Comme ses amis de l'école historique et romantique (Niebuhr, Savigny, Ranke), Frédéric-Guillaume haïssait la Révolution française rationaliste et démocratique, la souveraineté du peuple et les « constitutions sur papier ». Son idéal était l'État germanique chrétien du moyen âge, tel que le concevaient les romantiques : le roi responsable envers Dieu seul, gouvernant suivant la coutume avec l'aide de ses sujets groupés en classes sociales traditionnelles, personnellement aimé et respecté de tous, répandant sur tous sa bonté paternelle et les dirigeant sous l'inspiration de Dieu.

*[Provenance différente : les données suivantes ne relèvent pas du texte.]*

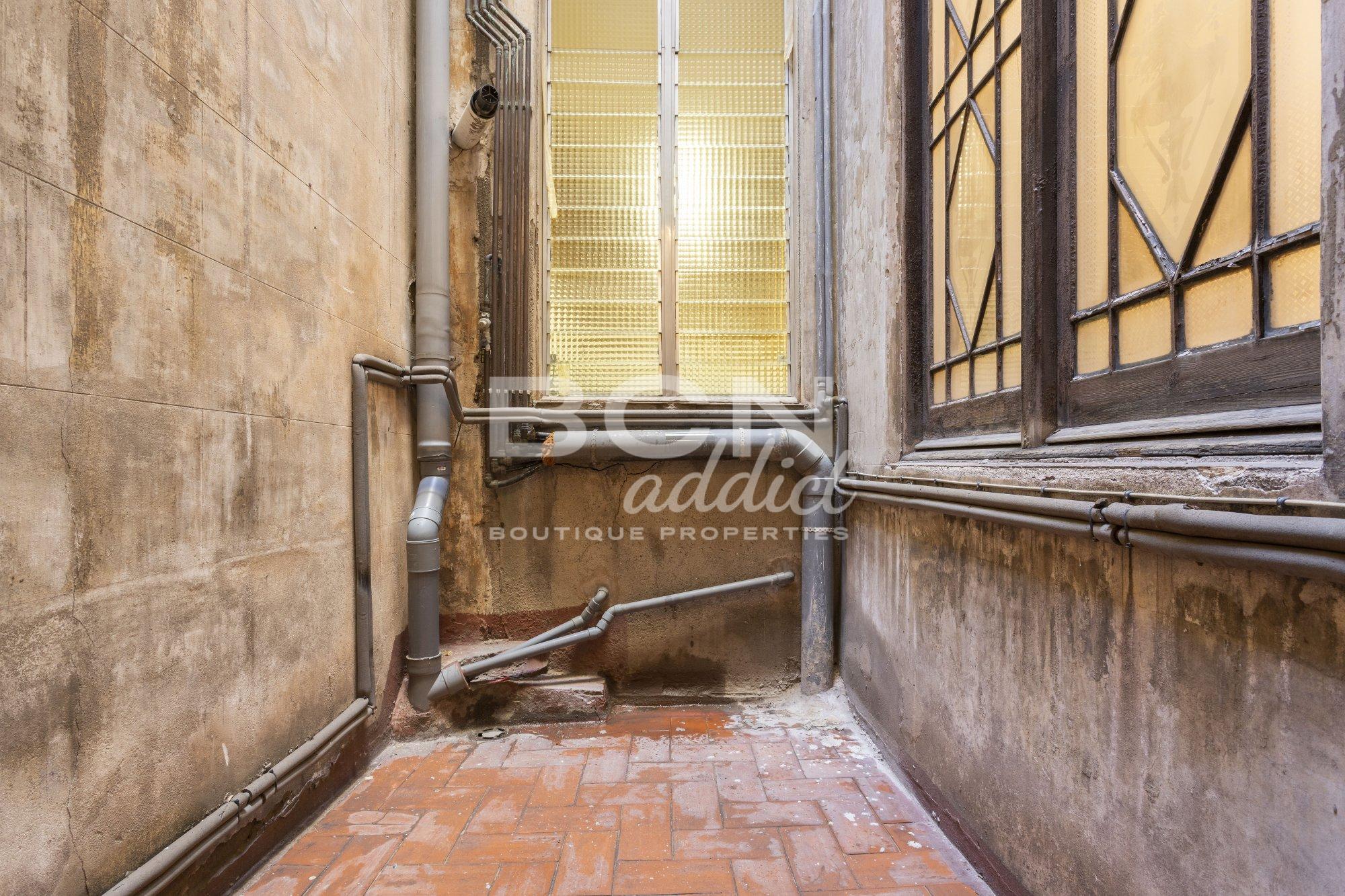 The apartment has double-orientation dwelling, with light at both sides, with views to Calle Jonqueres on one side, and a quiet patio with a terrace on the other side.
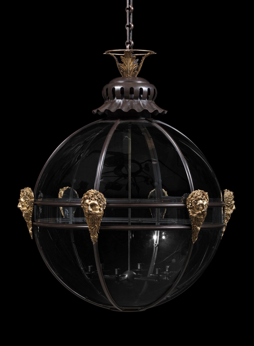 Made with hand-moulded copper and finished in bronze, this grand-scaled glazed spherical lantern is enriched with cast brass masks. The masks, with long beards, represent Neptune, the God of the Sea. The leaf-cast finial rests on a pierced cupola designed to reduce heat or smoke.
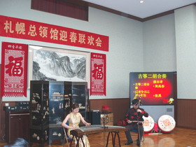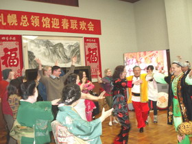 紅紅的燈籠、大紅的“!弊,把總領(lǐng)館裝飾得紅紅火火,充滿著濃濃的年味。北海道的中國(guó)留學(xué)生及當(dāng)?shù)靥匮钨e兩百多人歡聚一堂,共慶中華民族傳統(tǒng)佳節(jié)。

La bourgeoisie et une partie de la noblesse désiraient un régime constitutionnel. Les États provinciaux de Prusse, dès 1840, prièrent le roi « d'assurer à son peuple la création d'une assemblée de représentants du pays ». La province du Rhin, voisine du royaume parlementaire de Belgique, souhaitait un régime analogue. La question de la représentation du royaume devint la préoccupation dominante dans la presse, les corps provinciaux et le gouvernement.

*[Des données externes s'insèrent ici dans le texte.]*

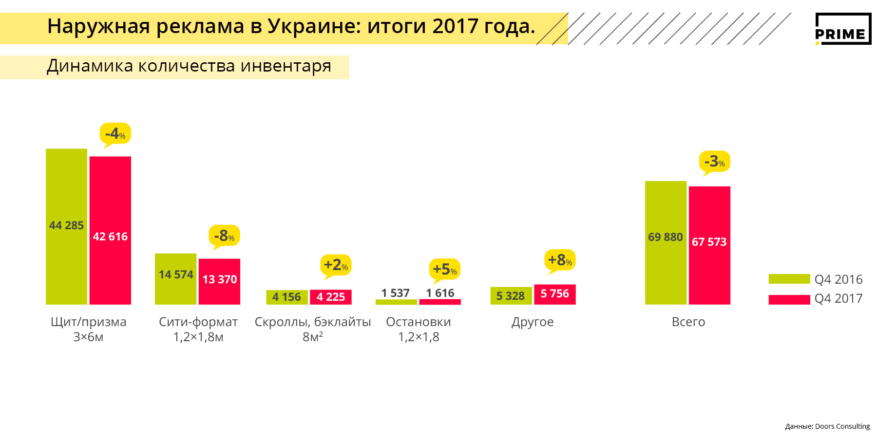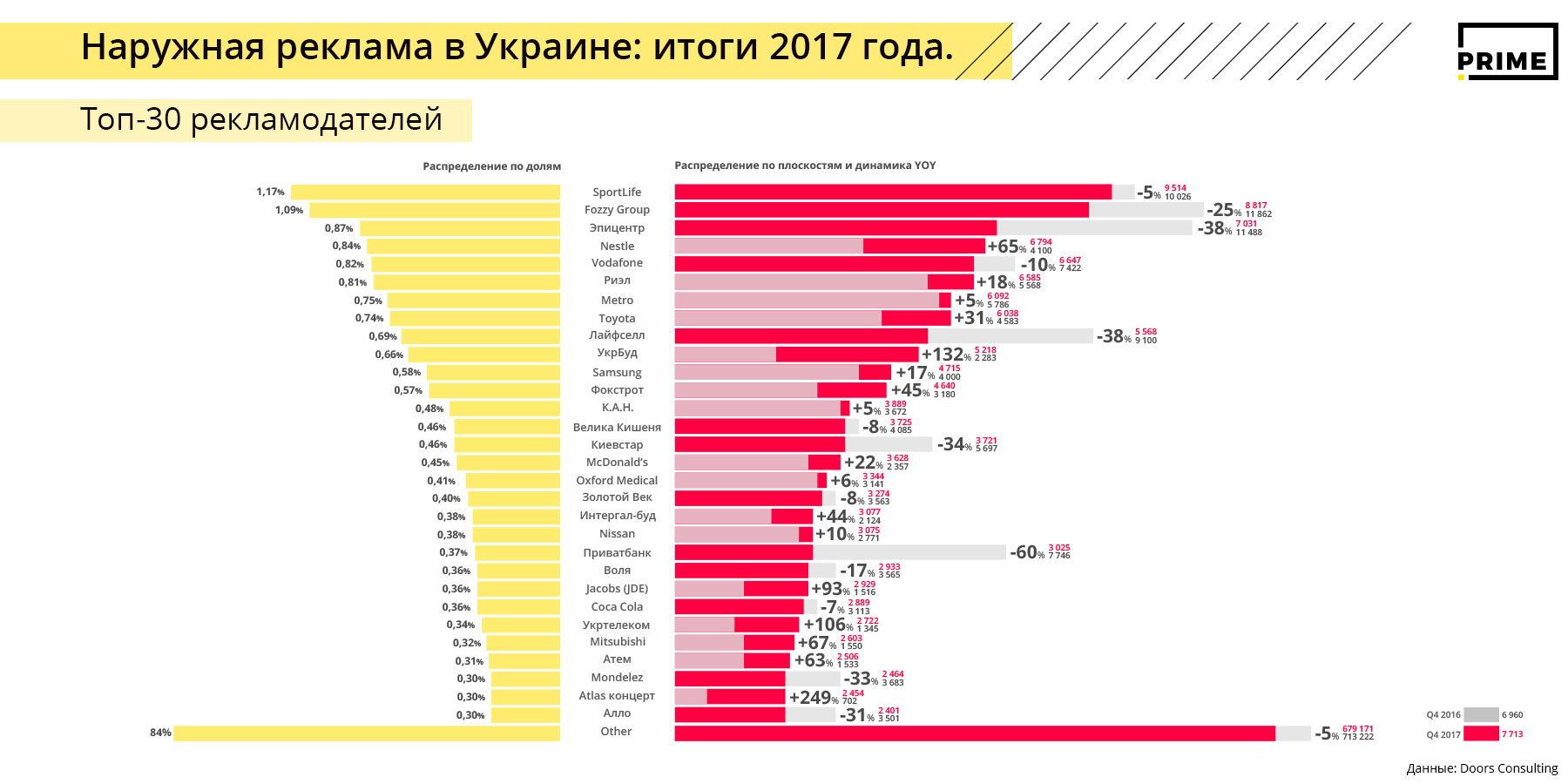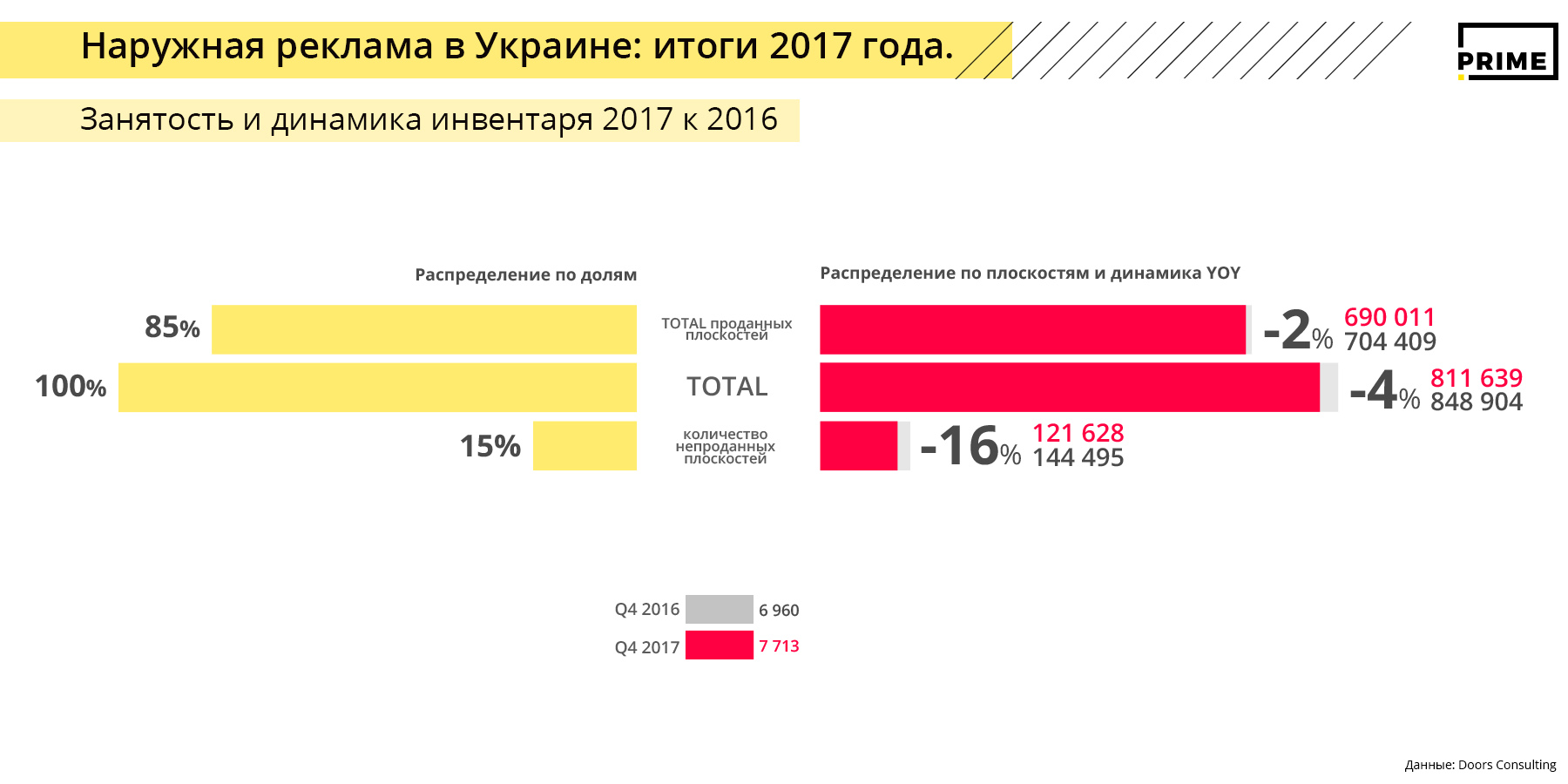Оператор наружной рекламы PRIME Group визуализировал основные параметры рынка наружной рекламы по итогам 4-го квартала 2017 г. В основу материала легли данные исследователя аудитории наружной рекламы Doors Consulting за соответствующий период.

Le roi commença par promettre un « développement des États provinciaux » (1840); il leur accorda la périodicité (de deux ans) et le droit de publier le procès-verbal de leurs délibérations. Puis il se décida lentement à convoquer à Berlin des commissions élues par les États de toutes les provinces, pour les consulter sur la question d'un emprunt. Le règlement de 1820, en déclarant la dette. close, avait ajouté qu'un nouvel emprunt ne devrait être fait que d'accord avec la future assemblée des États du royaume. Or on avait besoin d'argent pour construire les grandes lignes de chemins de fer. Les « commissions réunies », formées de 46 délégués des nobles, 32 des villes, 20 des paysans, approuvèrent la construction, mais

1. Je dois avertir qu'il est impossible de rendre exactement en français la plupart des phrases de Frédéric-Guillaume IV, tant elles sont pleines de formes romantiques exclusivement allemandes.

2. A ce oui le roi donne une épithèthe intraduisible: ehrenfest.